Retype the listing exactly as it stands, and keep every image out.
..........
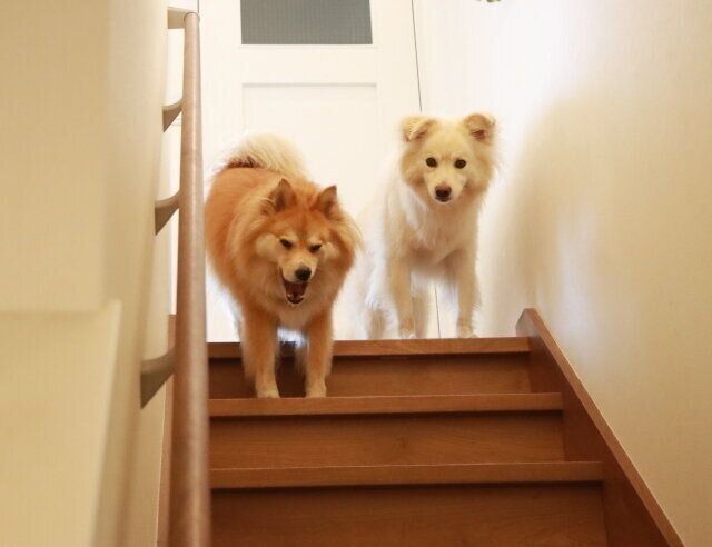 最近は、朝暑くなる前にと5時半ころに目覚ましをかけ、散歩に行く支度をして玄関から「お前ら、行くぞー!」と呼ぶのが日課になっている。そうすると、眠そうな顔でだるそうに2階の踊り場に福助、大吉の順で現れて、仕方ないなぁと階段を降りてくる。
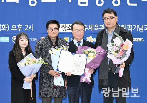 | 23일 오후 광주 서구 풍암동 염주체육관 내 올림픽기념국민생활관에서 열린 ‘2025 제14회 중소기업 경영인 대상’ 시상식에서 종합대상 중소벤처기업부 장관상을 수상한 허승업 ㈜삼우산업대표(왼쪽 네번째)와 직원들이 기념촬영을 하고 있다. |
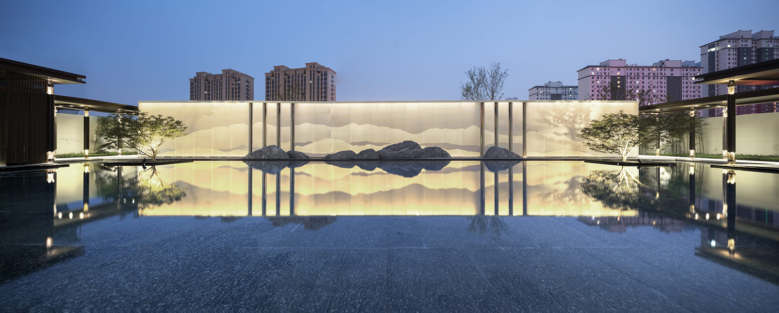 “水利萬物而不爭”,入口府門與造型景石疏導人車動線,以“迎·入境壺天,禮·天宇空明——境·圖云境水”為展示序列,層層遞進??伤^“入則壺天自春”,清凈悠然。對景景墻巍峨大氣,通過風雨連廊,見中軸線大尺度水景,如銀河望月,藏風納氣。水景曲線如群山往復,流水潺潺,禮儀燈光步道,靜謐舒心,大氣、精致、從容。
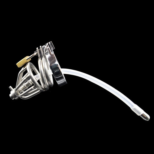 Metal Inverted Chastity Cage with Detachable Urethral Tube and Small Dildo
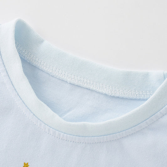 Cute Knit Round Neck Starry Unicorn Cartoon Girls’ T-Shirt In European And American Style For Summer
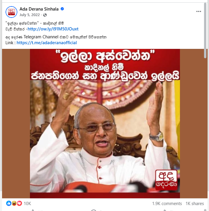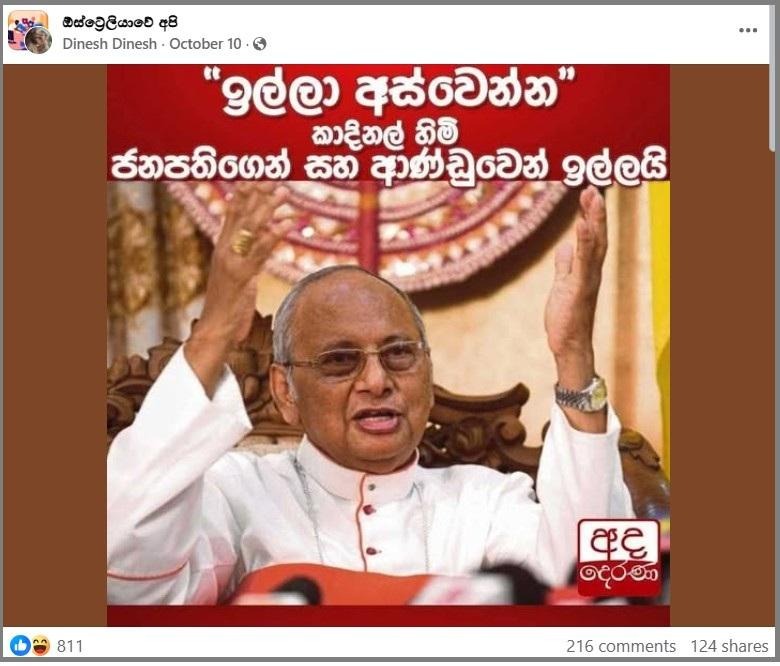 අගරදගුරු අතිඋතුම් මැල්කම් රංජිත් කාදිනල් හිමිපාණන් විසින් ඉල්ලා අස්වෙන ලෙස ආණ්ඩුවෙන් සහ ජනාධිපතිවරයාගෙන් ඉල්ලා ඇති බව කියමින් මෙම ෆේස්බුක් සටහන පළ වී තිබේ. අද දෙරණ පුවත් නිල ලාංඡනය සහිතව පළ කර ඇති කාදිනල් හිමිපාණන් විසින් සිදු කළ බව කියන මෙම ප්රකාශයට අදාළව වැඩිවිස්තර කිසිවක් හෝ විස්තර සඳහා වන සබැඳියක් හෝ මෙම සටහන තුළ දැකගත නොහැක.
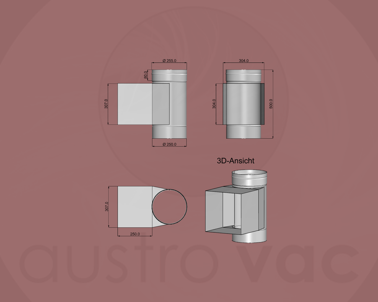 Schurrenrohr 300x300 mm für 250mm Edelstahlrohr
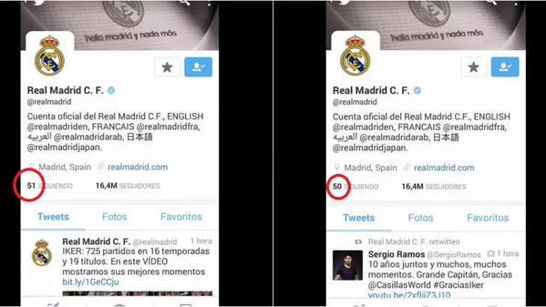 Poucas horas após o anuncio do adeus de Casillas ao Real Madrid os merengues deixaram de segui-lo na conta oficial de Twitter
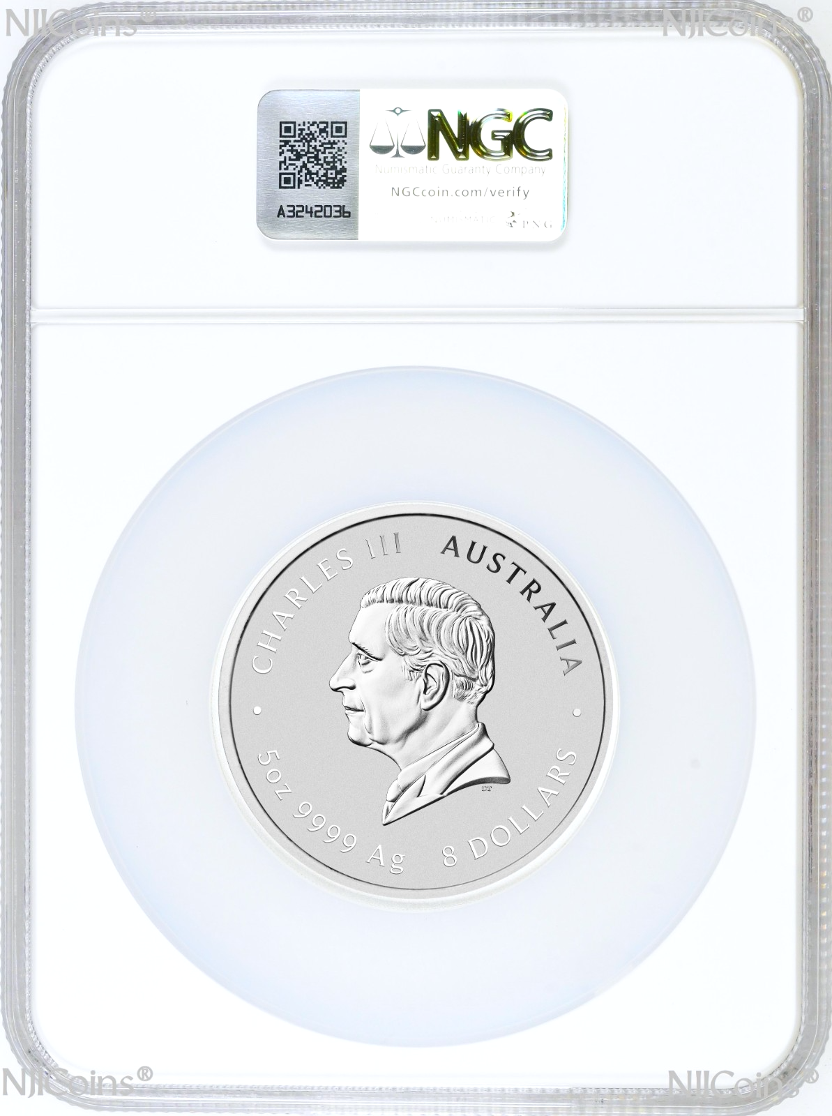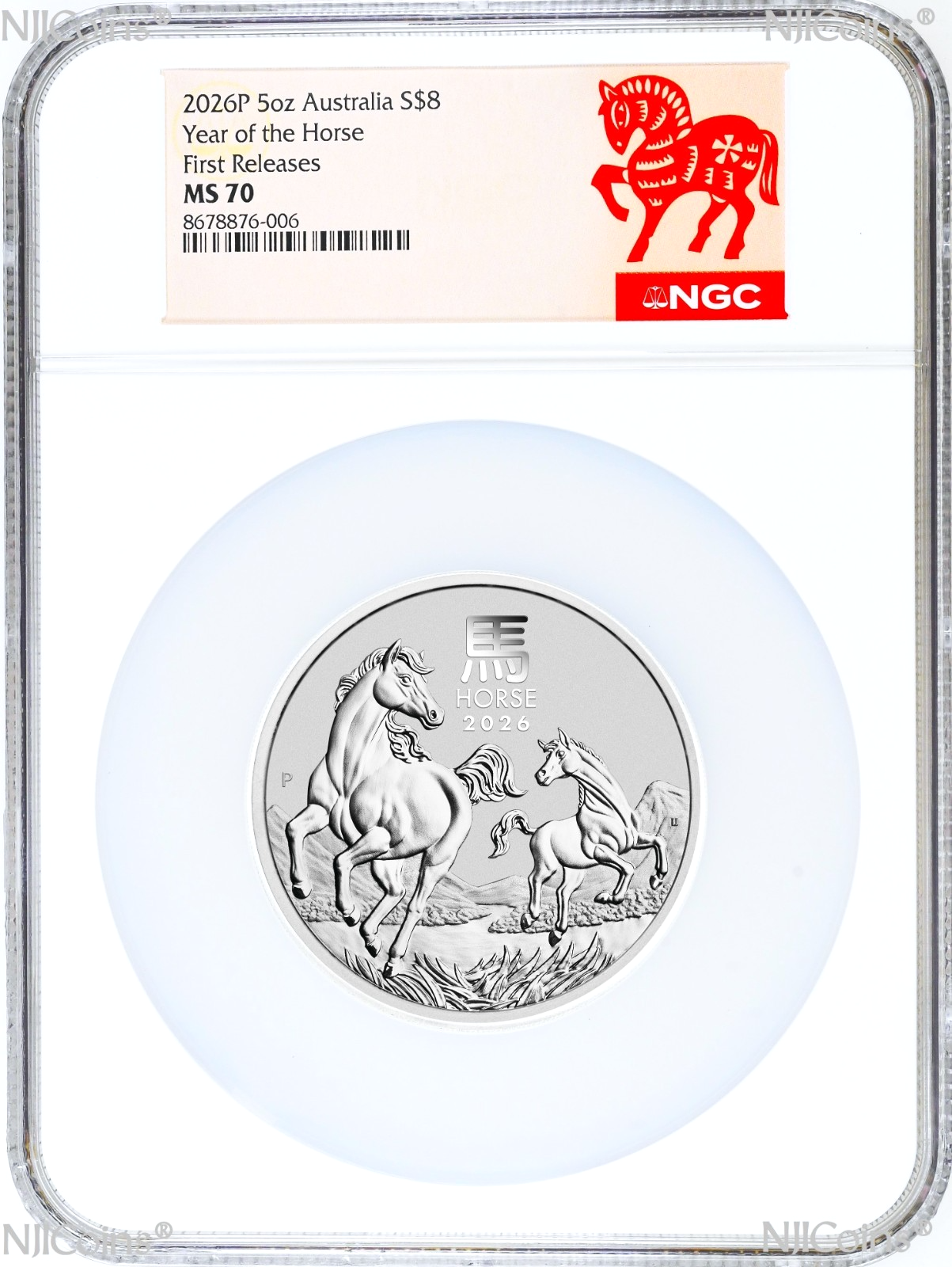 2026 P Australia Bullion 5oz .9999 Silver Lunar year of the Horse $8 Coin with the King Charles III Effigy (first time on bullion silver lunar coins) which has been authenticated, encapsulated and graded by Numismatic Guaranty Corporation (NGC) at a PERFECT MS 70 (TOP GRADED), with the NGC new designed hot Red Lunar Year of the Horse label. This coin is in perfect condition without any issue. The NGC slab is brand new. if you find any spot or hairiness in the photos it is from the scanner but not from the coin. We have more than one items in listing so the CERTIFICATION NUMBERS WILL VARY. Please ask us for any detail information.
..........
Response:
 最近は、朝暑くなる前にと5時半ころに目覚ましをかけ、散歩に行く支度をして玄関から「お前ら、行くぞー!」と呼ぶのが日課になっている。そうすると、眠そうな顔でだるそうに2階の踊り場に福助、大吉の順で現れて、仕方ないなぁと階段を降りてくる。
 | 23일 오후 광주 서구 풍암동 염주체육관 내 올림픽기념국민생활관에서 열린 ‘2025 제14회 중소기업 경영인 대상’ 시상식에서 종합대상 중소벤처기업부 장관상을 수상한 허승업 ㈜삼우산업대표(왼쪽 네번째)와 직원들이 기념촬영을 하고 있다. |
 “水利萬物而不爭”,入口府門與造型景石疏導人車動線,以“迎·入境壺天,禮·天宇空明——境·圖云境水”為展示序列,層層遞進??伤^“入則壺天自春”,清凈悠然。對景景墻巍峨大氣,通過風雨連廊,見中軸線大尺度水景,如銀河望月,藏風納氣。水景曲線如群山往復,流水潺潺,禮儀燈光步道,靜謐舒心,大氣、精致、從容。
 Metal Inverted Chastity Cage with Detachable Urethral Tube and Small Dildo
 Cute Knit Round Neck Starry Unicorn Cartoon Girls’ T-Shirt In European And American Style For Summer
 අගරදගුරු අතිඋතුම් මැල්කම් රංජිත් කාදිනල් හිමිපාණන් විසින් ඉල්ලා අස්වෙන ලෙස ආණ්ඩුවෙන් සහ ජනාධිපතිවරයාගෙන් ඉල්ලා ඇති බව කියමින් මෙම ෆේස්බුක් සටහන පළ වී තිබේ. අද දෙරණ පුවත් නිල ලාංඡනය සහිතව පළ කර ඇති කාදිනල් හිමිපාණන් විසින් සිදු කළ බව කියන මෙම ප්රකාශයට අදාළව වැඩිවිස්තර කිසිවක් හෝ විස්තර සඳහා වන සබැඳියක් හෝ මෙම සටහන තුළ දැකගත නොහැක.
 Schurrenrohr 300x300 mm für 250mm Edelstahlrohr
 Poucas horas após o anuncio do adeus de Casillas ao Real Madrid os merengues deixaram de segui-lo na conta oficial de Twitter
 2026 P Australia Bullion 5oz .9999 Silver Lunar year of the Horse $8 Coin with the King Charles III Effigy (first time on bullion silver lunar coins) which has been authenticated, encapsulated and graded by Numismatic Guaranty Corporation (NGC) at a PERFECT MS 70 (TOP GRADED), with the NGC new designed hot Red Lunar Year of the Horse label. This coin is in perfect condition without any issue. The NGC slab is brand new. if you find any spot or hairiness in the photos it is from the scanner but not from the coin. We have more than one items in listing so the CERTIFICATION NUMBERS WILL VARY. Please ask us for any detail information.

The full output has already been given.